While property management takes business expertise, personal skills are just as important. The best landlords know how to combine both by incorporating the following principles.
Preparing the Lease Agreement
Maintaining the Property
One of the biggest responsibilities of a good landlord is upholding a regular maintenance schedule. The following items need preventive maintenance: electrical and gas mechanisms, water heaters, sanitation and heating systems. Additionally, the landlord is responsible for arranging annual safety inspections by gas fitters and electricians. He also needs to ensure that security and safety measures like fire extinguishers, alarms, and locks are fully operational.
Responding to Repair Requests Promptly
When things do break down, it is rarely at the landlord’s convenience. Even if a phone call comes in the middle of the night or while at work, he needs to handle the call. Timely repairs are required whether the landlord sees them as minor or not. If there is a delay in getting something fixed, use good communication skills to convey the reasons for the holdup and state when repairs will be made. Keep in contact with the tenant until the issue is resolved.
Observing Extra Courtesy
While common courtesy should be extended to anyone, landlords often see their roles as authoritative and treat tenants like subjects. Since renters are truly paying customers, they should be treated with extra courtesy, especially when things go wrong. Tenants commonly hesitate in bringing repair issues to the landlord’s attention out of fear. Treating them with courtesy can prevents inexpensive problems from turning into expensive ones.
Treating Tenants as Individuals
While it is easy to expect the worst, especially if the landlord had bad prior experiences, it serves no purpose to treat all tenants alike by assuming the worst. For example, a specific tenant may have to pay rent late once because of an emergency. In this case, evaluate the situation based on how he handles it. If the renter gives plenty of notice and follows up appropriately, treat him with the credibility he deserves.

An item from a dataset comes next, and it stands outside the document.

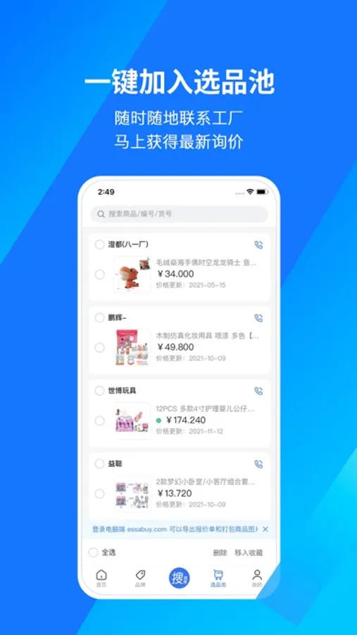 将商品加入选品池,商品会自动向工厂询新价格,同时还可获取工厂联系方式。

Another tenant may habitually pay late and avoid communication. In this situation treat him according to his behavior by enforcing the terms of the lease agreement.
The same concept applies to repairs. Do not assume something broke down because the tenant was careless. A landlord’s major responsibility is to keep everything in working order. That is why it is important to have a properly formatted inventory sheet and checklist at the time of move-in for every tenant. While having this list does not protect things from breaking down of course, it maintains order and discourages tenants from making false reports.
Inspecting the Property
Since many renters may see regular inspections as an invasion of privacy, state the terms of these assessments clearly in the lease agreement. Usually regular inspections occur every six months. Give at least 24 hours of notice and offer different time options in respect to work schedules and private lives.
Proper preventative maintenance and completing timely repairs will increase property values and attract a better clientele. Treating tenants with courtesy will give landlords a good reputation to attract future occupants. These combined efforts will also keep current renters from moving out and keeping the rental income flowing without interruptions.